Suppression of Tearing Modes by RF Current Condensation

TL;DR

This paper investigates how nonlinear feedback mechanisms involving temperature perturbations can enhance rf current drive efficiency in stabilizing tearing modes in tokamaks, with implications for ITER.

Contribution

It introduces the concept of rf current condensation, showing how nonlinear temperature effects can improve stabilization and reduce sensitivity to misalignment.

Findings

Nonlinear feedback can cause bifurcation in temperature perturbations.

Rf current condensation enhances stabilization efficiency.
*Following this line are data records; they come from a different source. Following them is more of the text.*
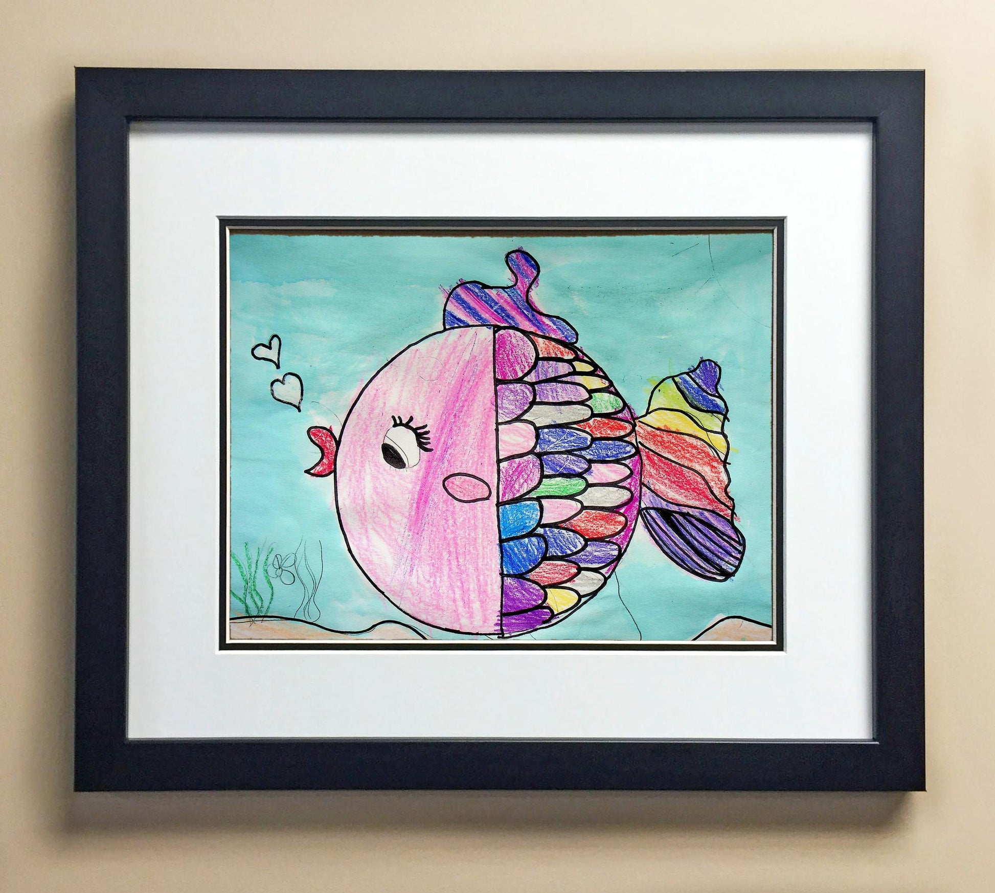 Included with the purchase is the Students Artwork, Frame, double matboard, shatter proof plexiglass, and a ready to hang backerboard with turnbuttons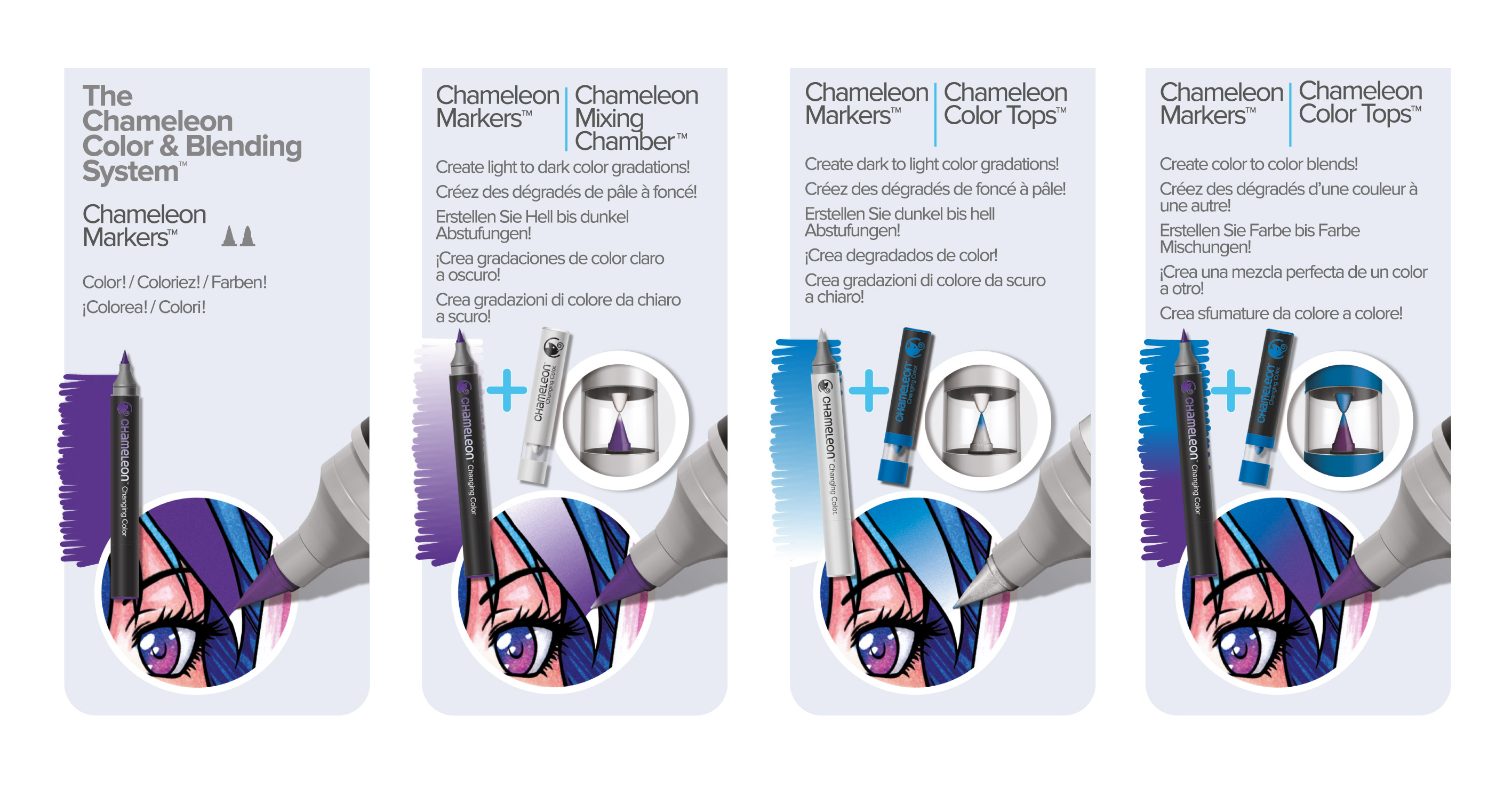 Blending System 10 - Это уникальный набор маркеров для смешивания оттенков от производителя Chameleon. Подборка № 10 содержит оттенки, подходящие для отрисовки персонажей. В состав набора входит 6 маркеров Chameleon, 5 цветных блендеров, 1 контейнер для смешивания и 6 супермягких браш-наконечников японского производства. На упаковке представлена красочная инструкция по применению. Набор является настоящей системой по смешиванию оттенков, где ограничением является только Ваше желание, Chameleon даёт пользователю все возможности, чтобы играть в "игру цвета" бесконечно.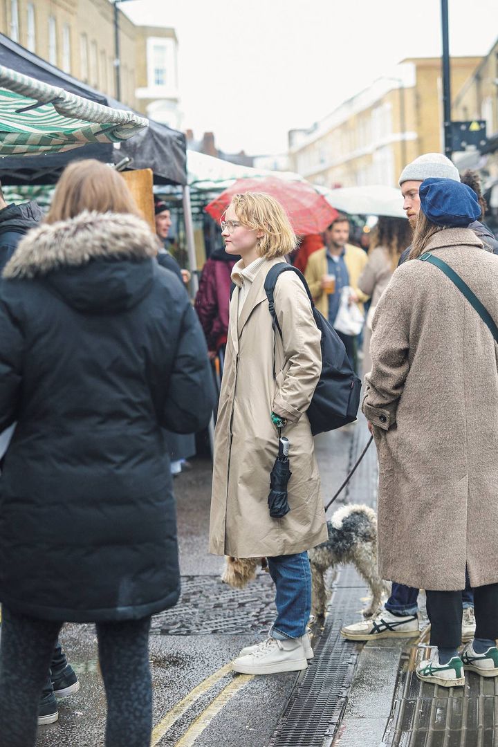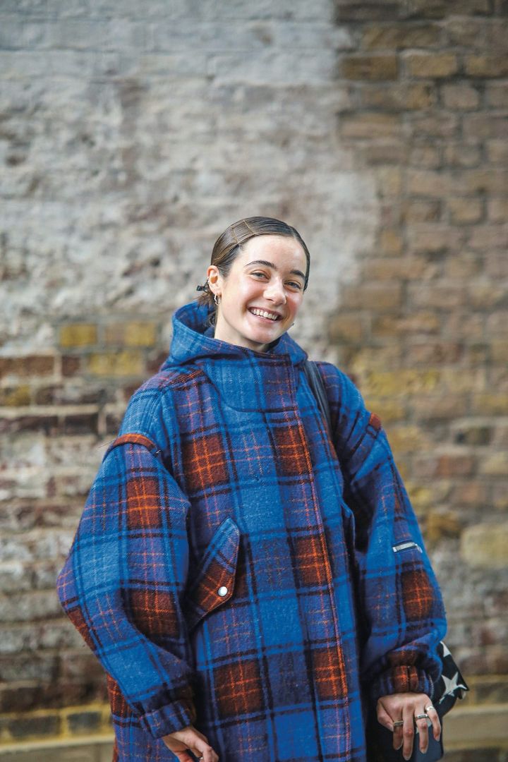 お洒落なロンドナーの中で絶賛流行中の《ワイエムシー》のコートが主役。色鮮やかなチェック柄と屈託のないメイジーの笑顔が、シックなロンドンの街を明るく彩る。

The threshold for the effect is relevant for current experiments and ITER.

Abstract

Currents driven by rf (radio frequency) waves in the interior of magnetic islands can stabilize deleterious tearing modes in tokamaks. Present analyses of stabilization assume that the local electron acceleration is unaffected by the presence of the island. However, the power deposition and electron acceleration are sensitive to the perturbation of the temperature. The nonlinear feedback on the power deposition in the island increases the temperature perturbation, and can lead to a bifurcation of the solution to the steady-state heat diffusion equation. The combination of the nonlinearly enhanced temperature perturbation with the rf current drive sensitivity to the temperature leads to an rf current condensation effect, which can increase the efficiency of rf current drive stabilization and reduce its sensitivity to radial misalignment of the ray trajectories. The threshold for the effect is in a regime that has been encountered in experiments, and will likely be encountered in ITER.